Schmetterlinge am Strand (2016)

Letzte heiße Spätsommertage.
Schmetterlinge in der Strandwüste.

Was suchen sie eigentlich hier? 

Kilometerweit keine Blüte sichtbar.

Vergnügen sie sich einfach frei flatternd.

In der Nordseebrise surfend.

Das Leben genießen ohne Fragen nach „dem Nutzen“.

Und dort sehe ich einen Storch auf der Sandbank nach Wattwürmern pickend.

Ungewöhnliche Szene.

„Auch ein Storch brauch mal Urlaub“ sagst du amüsiert.

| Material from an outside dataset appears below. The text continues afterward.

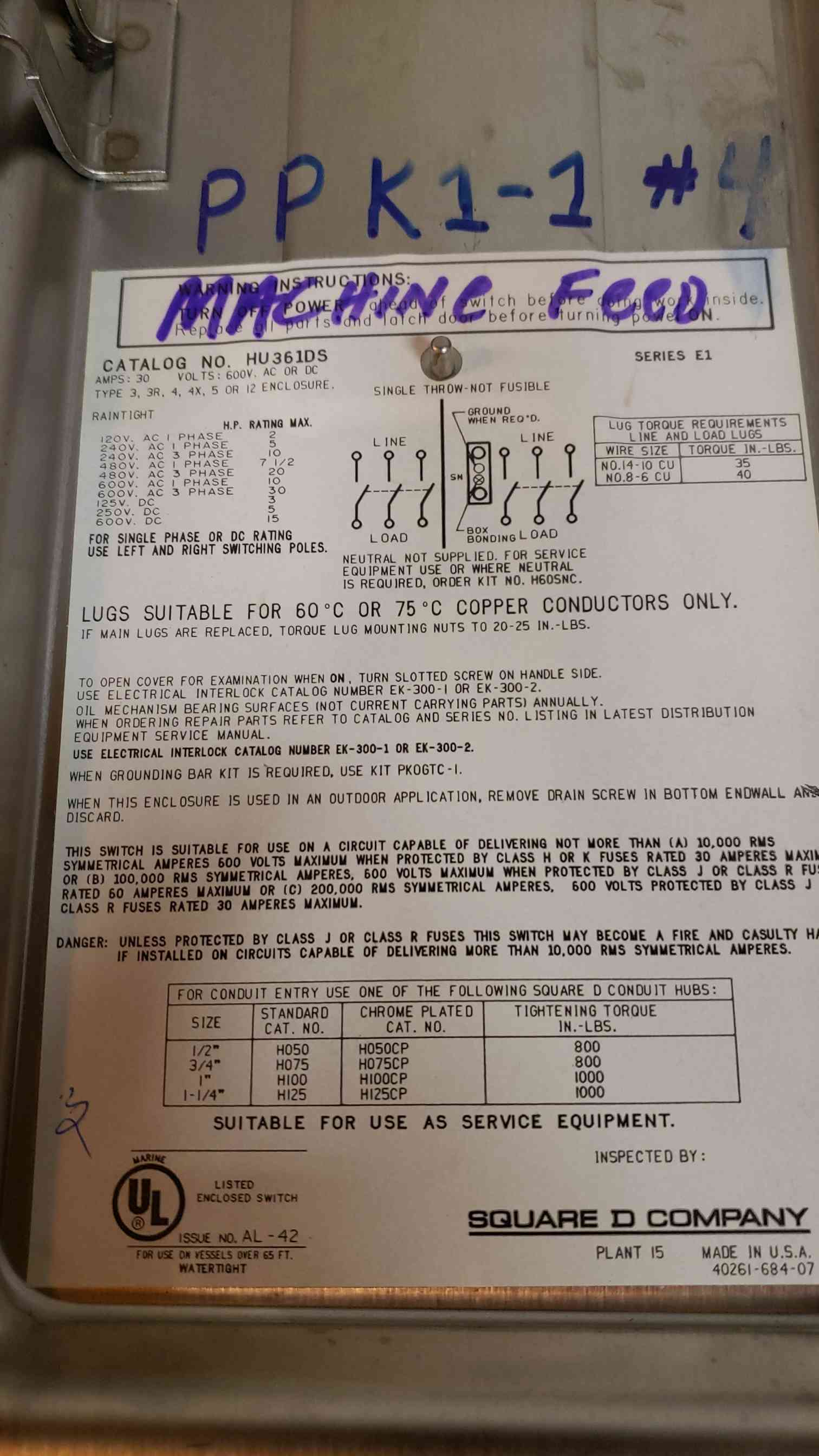 30A Square D Heavy Duty Safety Switch HU361DS Stainless Steel (SKU: 3921AA)(3921AA)

Das dröhnende Radio des Nachbarn weckt uns um 7 Uhr in der früh. 

„Ey, Urlaub! Verdammt.“

Murrend kurrend schallt es aus dem Bett.

„Da scheint jemand wohl arbeiten zu müssen.“

Vergnügt sein fällt dir schwer.

Grumpy.

Monotonie.

Begeisterungsfähigkeit ist nicht deine Stärke.

Aber beflügelnder Humor.

Der irgendwo vergraben ist unter den jährlich höher werdenden Schichten des Alltags.

Der vielleicht hervorkommt, wenn ich dich ordentlich durchkitzel.

Wenn ich unerwartete Dinge tue die „anders“ erscheinen.

Nutzlose Dinge.

Einfach so.

Wie Schmetterlinge am Strand.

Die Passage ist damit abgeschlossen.